Are only some of your SKUs getting impressions within your Google shopping campaign? Learn a few ways you can make sure all your SKUs are getting visibility in your shopping campaigns.

One of the biggest issues all brands face, whether they have 40 SKUs or 200,000 SKUs, is a lack of impressions for their SKUs. You look into a shopping campaign and see that only a handful of SKUs are getting a lion share of the impressions, clicks, and ad send.

This is what is known as the Invisible SKU Phenomenon.

This happens across both smart and standard shopping campaigns. Even if you are using manual or smart bidding strategies, this issue won’t go away. This phenomenon isn’t something that only happens to shopping campaigns.

You see it happen in search campaigns that either have too many keywords in one ad group or tons of ad groups within a campaign. When you over index a campaign, the head terms, or top keywords that get searched a lot get the majority of the ad spend. Now this isn’t always a bad thing because usually a small number of keywords will make up a large portion of where you conversions go.

However, the phenomenon becomes a problem when you are trying to scale your brand and business. You don’t want to limit when your brand shows up in SERP. Limiting your chances at winning an auction and converting customers is never good. 

A good example is Our Place, which sells two pans. You don’t want to only take up 1 spot in SERP for your shopping ads. You want to make sure both your pans always come up.

An even better example is winter bike tires. Say you’re an ecommerce store selling multiple bike brands and each brand has a few different winter tires. You’d want to make sure you take over as much of SERP for the different brands and products/SKUs you sell for each brand.

How do you achieve this? There are 3 ways you can make sure the invisible SKU phenomenon doesn’t affect your brand and limits your exposure across SERP.

All In On Smart Shopping

If your brand loves to only run smart shopping, the easiest way to make sure all your SKUs get traction is to divide your SKUs by top sellers vs everything else. You put everything else in its own campaign and keep your top sellers in the original campaign.

This works great because you are making sure you don’t have multiple SKUs across your campaigns. That way, you ensure Google optimizes your best selling SKUs in their own container within your shopping campaign. Plus, when you increase ad spend for this campaign, you know it’s only going to your top selling SKUs.
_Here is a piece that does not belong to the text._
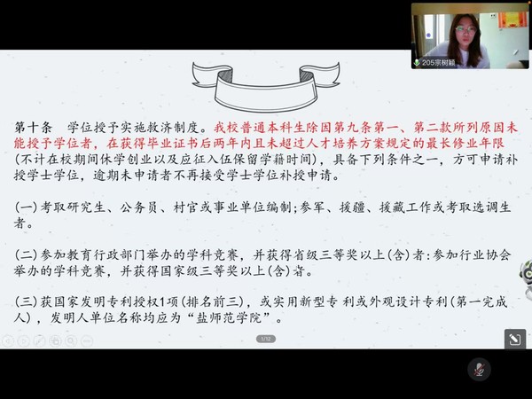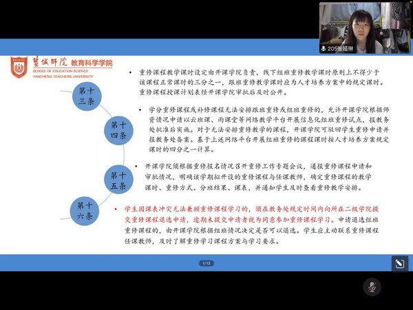 第二阶段的会议重点围绕《学生手册》中的盐城师范ky开云网页版app全日制本科生学籍管理办法、本科生学分制管理办法、本科生课程重修管理办法、普通本科毕业生学士学位授予工作实施细则等四方面的内容展开学习。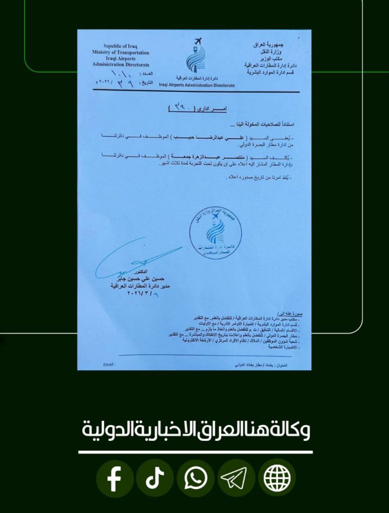 الرئيسية/محلي/إعفاء علي عبد الرضا من إدارة مطار البصرة الدولي وتعيين منتصر عبد الزهرة خلفاً له محلي إعفاء علي عبد الرضا من إدارة مطار البصرة الدولي وتعيين منتصر عبد الزهرة خلفاً له شاركها فيسبوك X لينكدإن Tumblr بينتيريست Reddit VKontakte Odnoklassniki Pocket مشاركة عبر البريد طباعة

Mix Smart & Standard Shopping

Similar strategy as above but you use a standard shopping campaign vs a smart campaign. You do this to have a bit more control over your SKUs and how they are showing up in SERP based on bids. This works better than our first option. If these SKUs don’t get consistent sales each week, Google could struggle to optimize your campaign without the necessary data.

You could even go a step further by having two or three standard shopping campaigns. You might have accessories in one campaign and your other products in another, like in our Our Place example. Basically breaking out SKUs by product category within your campaigns based on non-top selling SKUs.

Catch All Campaign

This option breaks out your campaigns by smart shopping first. You follow the path of opinion 1 and heavily focus on smart shopping by breaking out SKUs by top sellers and everything else. Then you add in a low bid standard shopping campaign. The standard shopping campaign would try to pick searches that your smart shopping campaigns would miss with your shopping ads.

Conclusion

Those are your 3 best ways to get around the invisible SKU phenomenon. This issue will come a lot more when brands go all in on smart shopping without doing any SKU optimization. Google’s goal is to spend as much money as possible and that will be on your selling top SKUs. This means you don’t get as much visibility on your non-top selling SKUs. Just make sure you are optimizing your SKUs and if you’re still struggling, follow one of the aforementioned methods to hopefully resolve some of the issues.